Beneath this instruction is a block of data; output from it exactly the lines that run from the one containing "Figure 1-1: Model" through the one containing "The Model 880", inclusive.

**RECORDS SUPPLIED**.
━━━━━━━━━━
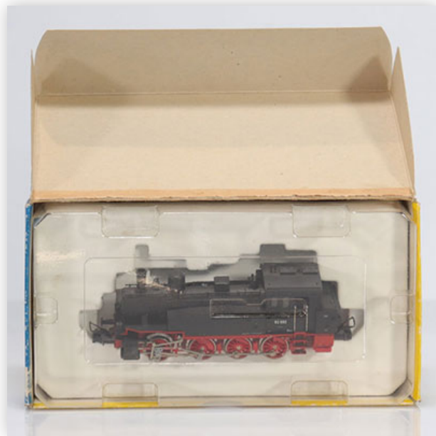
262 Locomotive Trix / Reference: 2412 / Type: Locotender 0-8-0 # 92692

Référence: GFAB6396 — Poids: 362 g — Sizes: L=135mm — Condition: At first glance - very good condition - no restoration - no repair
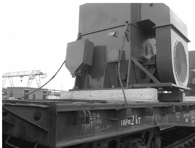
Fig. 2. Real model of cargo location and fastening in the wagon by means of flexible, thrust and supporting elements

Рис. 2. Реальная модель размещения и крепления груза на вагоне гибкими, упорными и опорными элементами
━━━━━━━━━━
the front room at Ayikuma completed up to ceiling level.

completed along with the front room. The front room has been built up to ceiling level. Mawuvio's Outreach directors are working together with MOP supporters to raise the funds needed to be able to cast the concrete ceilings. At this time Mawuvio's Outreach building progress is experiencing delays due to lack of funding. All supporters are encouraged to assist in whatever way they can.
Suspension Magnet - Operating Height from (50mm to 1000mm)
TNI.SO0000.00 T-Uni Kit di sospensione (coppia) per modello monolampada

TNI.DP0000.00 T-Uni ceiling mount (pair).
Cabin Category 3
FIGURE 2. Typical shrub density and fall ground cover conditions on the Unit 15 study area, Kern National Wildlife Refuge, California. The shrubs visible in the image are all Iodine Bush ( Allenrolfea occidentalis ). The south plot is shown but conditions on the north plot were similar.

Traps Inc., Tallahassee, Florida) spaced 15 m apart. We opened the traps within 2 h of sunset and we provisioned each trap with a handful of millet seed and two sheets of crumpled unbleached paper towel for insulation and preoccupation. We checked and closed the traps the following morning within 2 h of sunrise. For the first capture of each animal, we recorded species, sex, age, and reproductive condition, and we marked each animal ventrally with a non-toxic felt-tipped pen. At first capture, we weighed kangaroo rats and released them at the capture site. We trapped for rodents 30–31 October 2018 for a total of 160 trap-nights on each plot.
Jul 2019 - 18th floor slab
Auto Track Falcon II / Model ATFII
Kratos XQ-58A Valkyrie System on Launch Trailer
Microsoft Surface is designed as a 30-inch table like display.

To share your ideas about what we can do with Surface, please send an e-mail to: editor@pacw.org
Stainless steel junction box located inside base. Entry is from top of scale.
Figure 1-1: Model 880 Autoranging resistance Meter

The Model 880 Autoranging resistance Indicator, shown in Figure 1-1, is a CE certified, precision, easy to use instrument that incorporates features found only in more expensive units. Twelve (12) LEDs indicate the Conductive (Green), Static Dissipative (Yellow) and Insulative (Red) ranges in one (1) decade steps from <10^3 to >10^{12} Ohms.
━━━━━━━━━━
**RESULT FOR THIS TASK**.
Figure 1-1: Model 880 Autoranging resistance Meter

The Model 880 Autoranging resistance Indicator, shown in Figure 1-1, is a CE certified, precision, easy to use instrument that incorporates features found only in more expensive units. Twelve (12) LEDs indicate the Conductive (Green), Static Dissipative (Yellow) and Insulative (Red) ranges in one (1) decade steps from <10^3 to >10^{12} Ohms.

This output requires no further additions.